Replacement of the catalytic base Glu400 by glutamine in glucoamylase from Aspergillus niger affects both substrate ground-state binding and transition- state stabilization. Compared to those of the wild-type enzyme, K(m) values for maltose and maltoheptaose are 12- and 3-fold higher for the Glu400→Gln mutant, with k(cat) values 35- and 60-fold lower, respectively, for the same substrates. This unusually high residual activity for a glycosylase mutant at a putative catalytic group is tentatively explained by a reorganization of the hydrogen bond network, using the crystal structure of the related Aspergillus awamori var. X100 glucoamylase in complex with 1-deoxynojirimycin [Harris, E. M. S., Aleshin, A. E., Firsov, L. M., and Honzatko, R. B. (1993) Biochemistry 32, 1618-1626]. Supposedly Gln400 in the mutant hydrogen bonds to the invariant Tyr48, as does Glu400 in the wild-type enzyme.

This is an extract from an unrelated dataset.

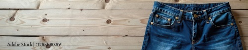 Dark wash denim jeans, folded neatly, light wood planks, textile, jeans, photography
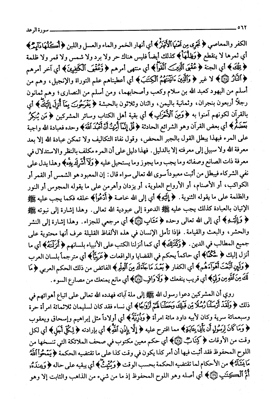 الكفر والمعاصي تَجْرِي مِنْ تَحْتِهَا الْأَنْهارُ أي أنهار الخمر والماء والعسل واللبن أُكُلُها دائِمٌ أي ثمرها لا ينقطع وَظِلُّها كذلك أيضا فليس هناك حر ولا برد ولا شمس ولا قمر ولا ظلمة تِلْكَ أي الجنة عُقْبَى الَّذِينَ اتَّقَوْا أي منتهى أمرهم وَعُقْبَى الْكافِرِينَ أي آخر أمرهم النَّارُ (35) لا غير وَالَّذِينَ آتَيْناهُمُ الْكِتابَ أي أعطيناهم علم التوراة والإنجيل، وهم من أسلم من اليهود كعبد الله بن سلام وكعب وأصحابهما، ومن أسلم من النصارى وهم ثمانون رجلا أربعون بنجران، وثمانية باليمن، واثنان وثلاثون بالحبشة يَفْرَحُونَ بِما أُنْزِلَ إِلَيْكَ أي بالقرآن لكونهم آمنوا به وَمِنَ الْأَحْزابِ أي بقية أهل الكتاب وسائر المشركين مَنْ يُنْكِرُ بَعْضَهُ أي بعض القرآن وهو الشرائع الحادثة قُلْ إِنَّما أُمِرْتُ أَنْ أَعْبُدَ اللَّهَ وحده فعبادة الله واجبة على المرء فبهذا يبطل القول بالجبر المحض، وقول نفاة التكاليف ولا تمكن عبادة الله إلا بعد معرفة الله ولا سبيل إلى معرفته إلا بالدليل. فهذا دليل على أن المرء مكلف بالنظر والاستدلال في معرفة ذات الصانع وصفاته وما يجب وما يجوز وما يستحيل عليه وَلا أُشْرِكَ بِهِ وهذا يدل على نفي الشركاء فيبطل من أثبت معبودا سوى الله تعالى سواء قال: إن المعبود هو الشمس أو القمر أو الكواكب، أو الأصنام، أو الأرواح العلوية، أو يزدان وأهرمن على ما يقوله المجوس أو النور والظلمة على ما يقوله الثنوية. إِلَيْهِ أي إلى الله خاصة أَدْعُوا خلقه فكما يجب عليه صلّى الله عليه وسلّم الإتيان بالعبادة كذلك يجب عليه صلّى الله عليه وسلّم الدعوة إلى عبودية الله تعالى. وهذا إشارة إلى نبوته صلّى الله عليه وسلّم وَإِلَيْهِ أي إلى الله تعالى وحده مَآبِ (36) أي مرجعي للجزاء. وهذا إشارة إلى النشر والحشر، والبعث والقيامة. فإذا تأمل الإنسان في هذه الألفاظ القليلة عرف أنها محتوية على جميع المطالب في الدين. وَكَذلِكَ أي كما أنزلنا الكتب على الأنبياء بلسانهم أَنْزَلْناهُ أي ما أنزل إليك حُكْماً أي حاكما يحكم في القضايا والواقعات عَرَبِيًّا أي مترجما بلسان العرب وَلَئِنِ اتَّبَعْتَ أَهْواءَهُمْ أي الكفار بَعْدَ ما جاءَكَ مِنَ الْعِلْمِ الفائض من ذلك الحكم العربي ما لَكَ مِنَ اللَّهِ مِنْ وَلِيٍّ أي قريب ينفعك وَلا واقٍ (37) أي مانع يمنعك من مصارع السوء.

For Tyr48→Trp A. niger glucoamylase k(cat) is reduced 80-100-fold, while K(m) is increased only 2-3-fold. Gln401 also hydrogen bonds to Glu400, but its mutation to glutamic acid has only a minor effect on activity. The Tyr48→Trp and Glu400→Gln glucoamylases share particular features in displaying unusually high activity below pH 4.0-which reflects lack of the wild-type catalytic base function-and unusually low binding affinity at subsite 2. Both mutants have lost 13-16 kJ mol-1 in transition-state stabilization energy. The Glu400→Gln mutant confirms the role of Glu400 in catalysis, and mutation of Tyr48 suggests that this side chain is functionally linked to Glu400 and is important for maintaining the active site geometry and for stabilization of an oxocarbonium ion substrate intermediate. The properties of the glucoamylase mutants are compared with results of mutational analysis in other carbohydrases.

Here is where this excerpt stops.